と、カンディさんもノリノリで営業しながら、クッキーが売れるようサポートしてくれている。

 ソエおばあちゃんは子供達の様子を気にしながら、自分の出店に来たお客さんに子供達の商品を勧めてくれているようだ。


「この籠バッグ、本当に子供達が作ったの? 結構しっかりしてるのね」

「こっちのお守りは?」

「ハンカチ、沢山あって悩んじゃうわ。せっかくだから、もう一枚いただこうかしら」


 それはもう、嬉しい悲鳴とでも言えばいいだろうか。

 入れ替わり立ち替わりでお客さんが流れ込んできて、飛ぶように売れていく。

 年長組が勉強を活かしてお金の計算をし、年少組は「ありがとうございます!」と商品を手渡す。

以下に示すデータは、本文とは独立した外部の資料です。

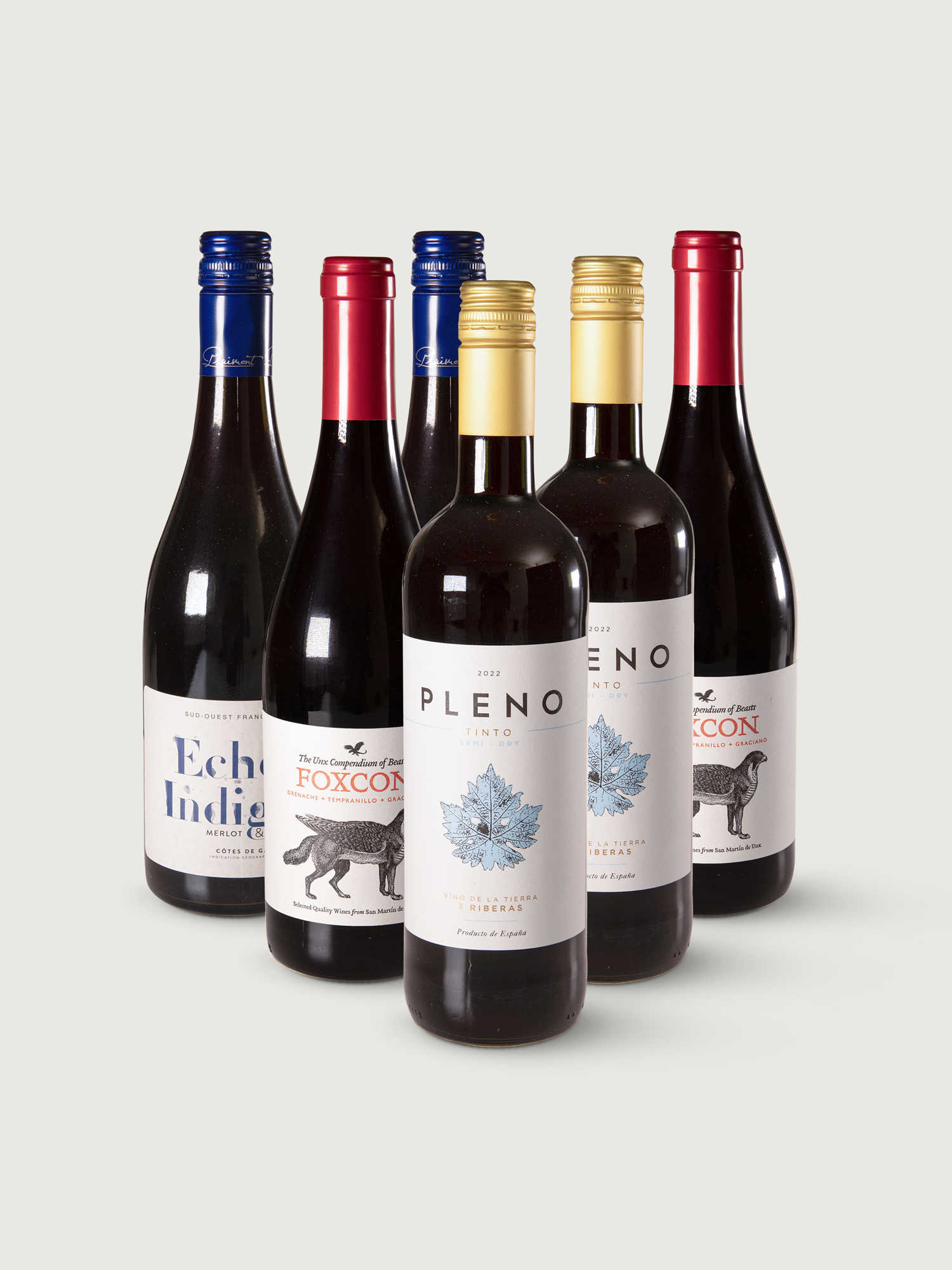 Sechs sorgfältig ausgewählte Rotweine, die Momente intensiver Ruhe, Genuss und Tiefe begleiten.

 しっかりと役割分担もしながら、お客さんの対応をしている。

 

 けれど、真夏は過ぎ去り秋めいてきているとはいえ、サグラードはまだまだ暑い。

 気付けば販売を始めてからもう数時間が経っていた。

 子供達は適度に交代しているようだが、そろそろ一度全員で休ませてあげた方がいいだろう。


「……よし、丁度いいかな」


 私は盛り上がりを見せる出店から少し離れ、神殿へと向かった。


「そろそろお願いしてもいいかな?」

「承知しました。みなさん、準備はいいですか?」

「「「「はーーい!!」」」」


 そう元気よく返事をした子供達はお揃いの帽子を被り、ヒセラさんの後ろをヒヨコのように付いていく。

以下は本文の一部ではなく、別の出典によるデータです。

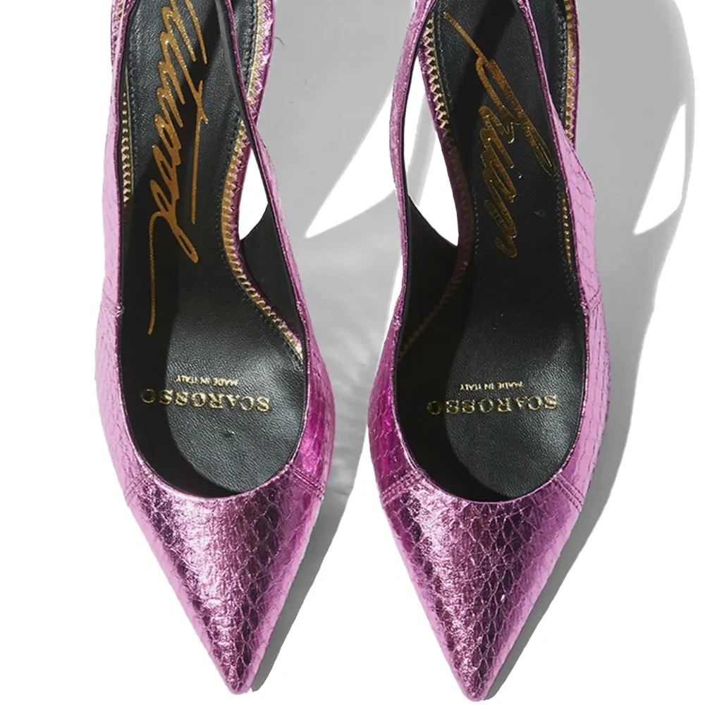 Фуксия, телячья кожа, эффект змеиной кожи, заостренный носок, модель без застежки, ремешок на пятке, стелька с логотипом и каблук-шпилька.

 巫女に案内され出てきた子供達を見て、買い物に夢中だった街の人達もなんだなんだ?と視線を向ける。


 広場のすぐ横、儀式や演説を行うためのステージがあり、みんなはそこへ上がっていく。

 ヒセラさんは中央に立つと、広場に向かって一礼した。


「バザーにお集まりの皆様。ここに居る子供達は今回、物を作るのではなく、この日限りのステージを披露させていただきます」

「せーのっ」

「「「「聞いていってください!」」」」


 なんとも可愛らしい掛け声に釣られて、街の人達はステージの方へと寄っていく。

 その間に出店で活躍していた子供達には軽食を摘ませたり水分補給をさせ、お昼寝が必要な年少組は一旦孤児院へと戻らせる。

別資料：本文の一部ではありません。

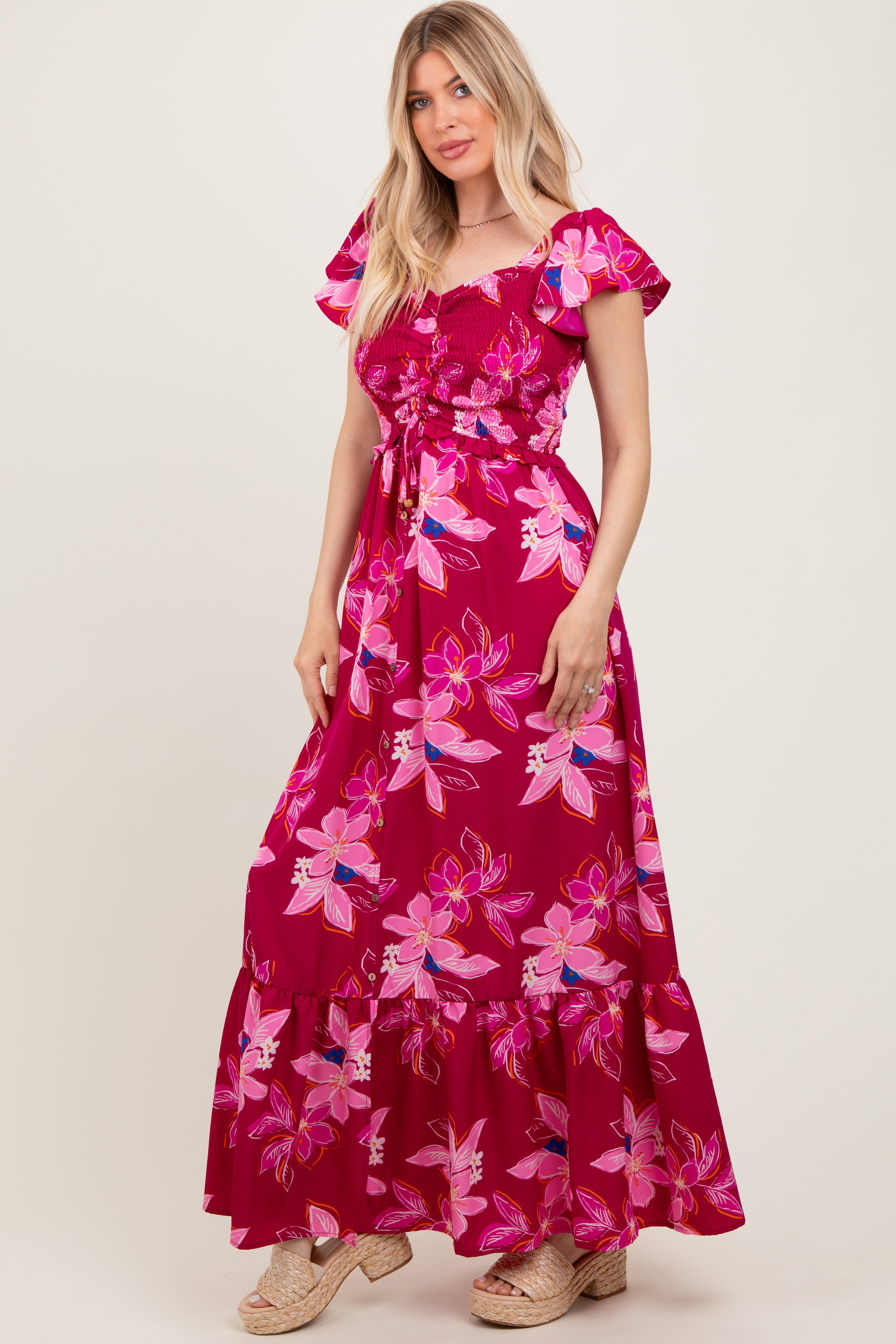 Embrace effortless style with this stunning floral maxi dress featuring a smocked cinched top for a flattering fit. The sweetheart neckline and flutter sleeves add a touch of feminine charm, while the flowy skirt with a ruffled hem creates graceful movement. Perfect for any occasion, this dress combines comfort and elegance with its lightweight fabric and vibrant floral pattern. Pair it with wedges or sandals for a chic, breezy look that’s ideal for warm days or a casual evening out. A must-have addition to your wardrobe that exudes confidence and style.

 そうしている間に準備が整ったのか、ステージの子供達は聖歌を歌い始めた。

 神殿で聞く美しい声とは全く違う、子供らしい元気いっぱいの明るい歌声。

 そんな子供達の声を導くように、少し声量を落としたヒセラさんの歌声が支えになっているのか、子供達が少し音程を外してもすぐに綺麗な音程へと戻ってくる。


 一生懸命に歌う子供達を見た街の子供達は「僕もやりたい!」「いいなぁ」と羨ましそうにしている。


(孤児院だけじゃなくて、いつか街の子供達もみんなで出来るイベントがあったらいいのかもしれないなぁ。……実行出来るまでにかなり時間はかかりそうだけど)


 また考えることが増えちゃったなぁと一人苦笑していると、歌が終わったようで広場は大きな拍手に包まれた。

 子供達は頬を火照らせながら、晴れやかな表情でステージを降りていく。

 近くに居た大人達に囲まれ、みんなから「上手だったわ!」「頑張って練習したんだね」と声をかけられていて、とても嬉しそうにしている。


 暫くして人の波がステージから離れていき、子供達も戻ってきた。


「ディア様、どうだった?」

「みんな凄く上手だったよ! 沢山練習したんだね」

「えへへーーっ!」


 私は偉い偉いとみんなを褒めちぎる。

 子供達は満足そうな笑みを浮かべたあと、ヒセラさんに帽子を預けパタパタと出店へと走っていく。

 この子達はさっきまで神殿で休んでいたので、これからは売り子として出店を手伝ってもらうのだ。


「さぁ、後半もがんばるよっ!」

「「「「おーーっ!!」」」」


 


 それからみんなで汗をかきながら商品を売り続けた。

 クッキーや元々数の多くなかった籠バッグ、革のお守りは全て完売。

 元々数が多かったハンカチやミサンガは残っているが、それにしてもよく売れたと思う。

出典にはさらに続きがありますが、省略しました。